Stop me if you've heard this one before: Jewel Hampton not only suffered an ACL tear in his right knee in college. The 49ers running back suffered one in his left knee as well. The injuries came in 2009 and 2010 when Hampton was at Iowa, which makes him unique among NFL tailbacks in general but not the ones on San Francisco's roster.
Hampton, Frank Gore, Marcus Lattimore and undrafted rookie D.J. Harper all suffered double ACL injuries in college. (Harper's both occurred to his left knee). In fact, the only 49ers runners who didn't go through that ordeal are Anthony Dixon, Kendall Hunter and LaMichael James.
It was another injury, however, that kept Hampton out of action as a 49ers rookie last year and makes him an intriguing mystery man this spring and summer.
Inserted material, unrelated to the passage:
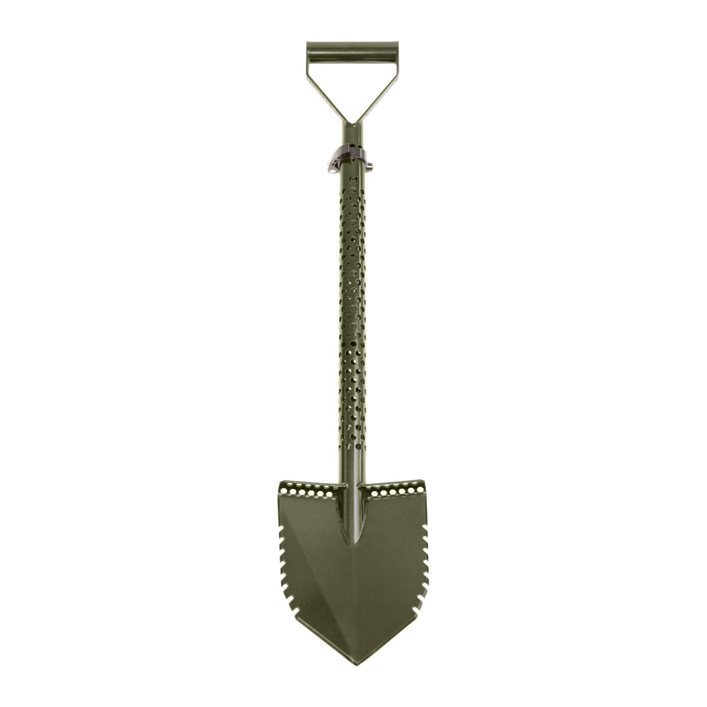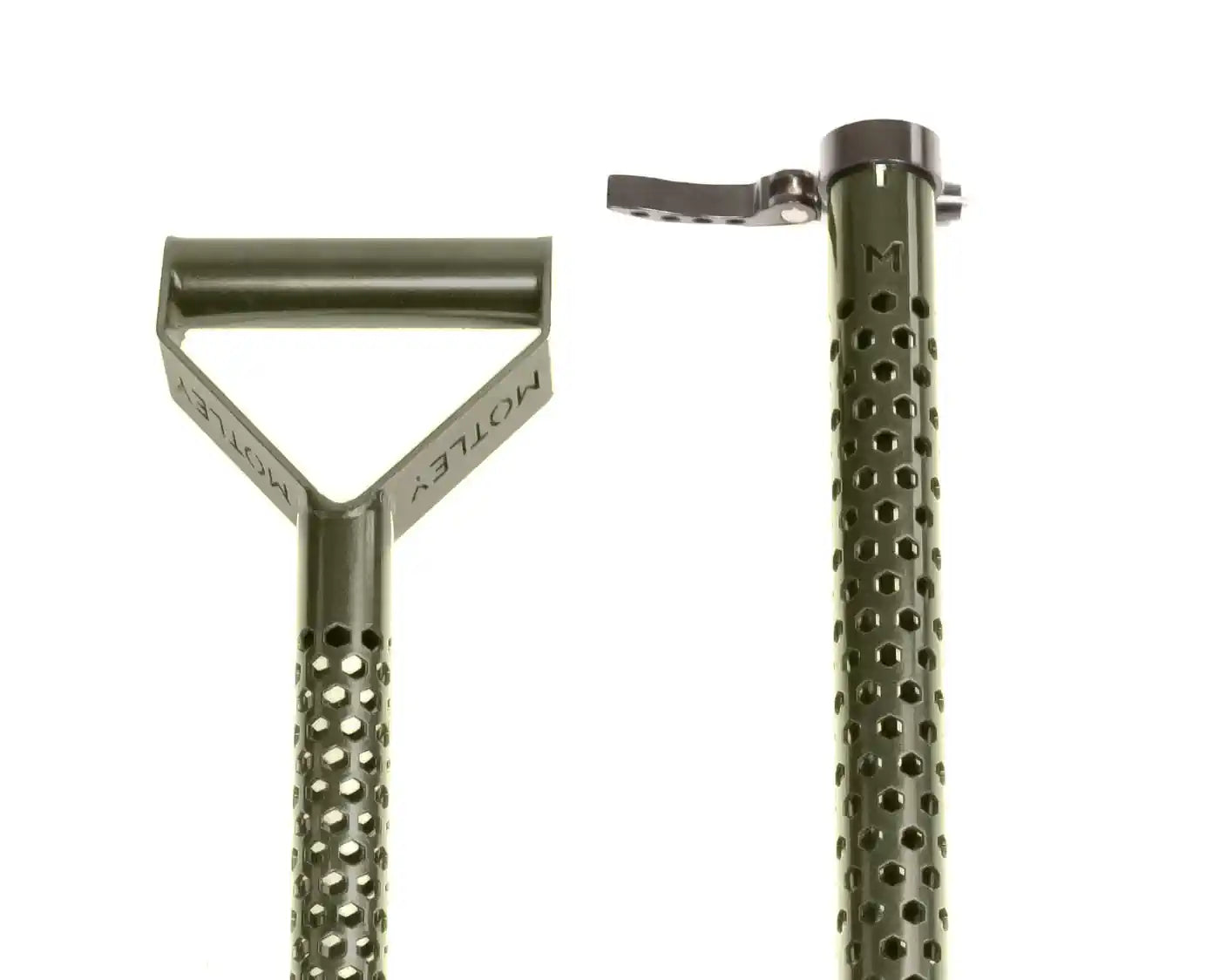 The blade of the shovel is cold-pressed and then heat treated which makes it stiff and extremely strong. We then added the Motley Easy Grip D-handle and finished it with a hexagon laser-cut design to reduce weight.

Hampton had bone chips removed from his foot/ankle last year, and the 49ers put him on the non-football injury list before training camp. He was taken off the list Nov. 27 after Hunter went down with an Achilles tendon tear but was inactive for the final eight games.
When he wasn't injured in college, Hampton was a prolific runner, first at Iowa and then at Southern Illinois. In 2011 - less than a year after his most recent ACL tear - he ran for 1,121 yards and scored 17 touchdowns and was invited to the scouting combine. He went undrafted and chose the 49ers from a long line of suitors because, in his words, the 49ers pursued him most heavily.
Hampton is healthy again, and this week found himself in Gore's role as bell-cow 'back with Gore, Hunter and James all nursing injuries. Here are a few Q&As with the 5-9, 210-pound runner, who pumped out 26 bench-press repetitions of 225 pounds a year ago and a ran a 4.47-second 40-yard dash at his pro day.
Most 49ers fans have yet to see you run. How would you describe your style?
JH: "I've been hearing this my whole life: They say I run angry. So I guess I have an aggressive style of running. But I've been trying to be more patient because the game's not always 110 (mph), you know? That's one of the things I'm working on now is just being patient, and I'm definitely getting the opportunities this spring."
Is your forte running in traffic, between the tackles?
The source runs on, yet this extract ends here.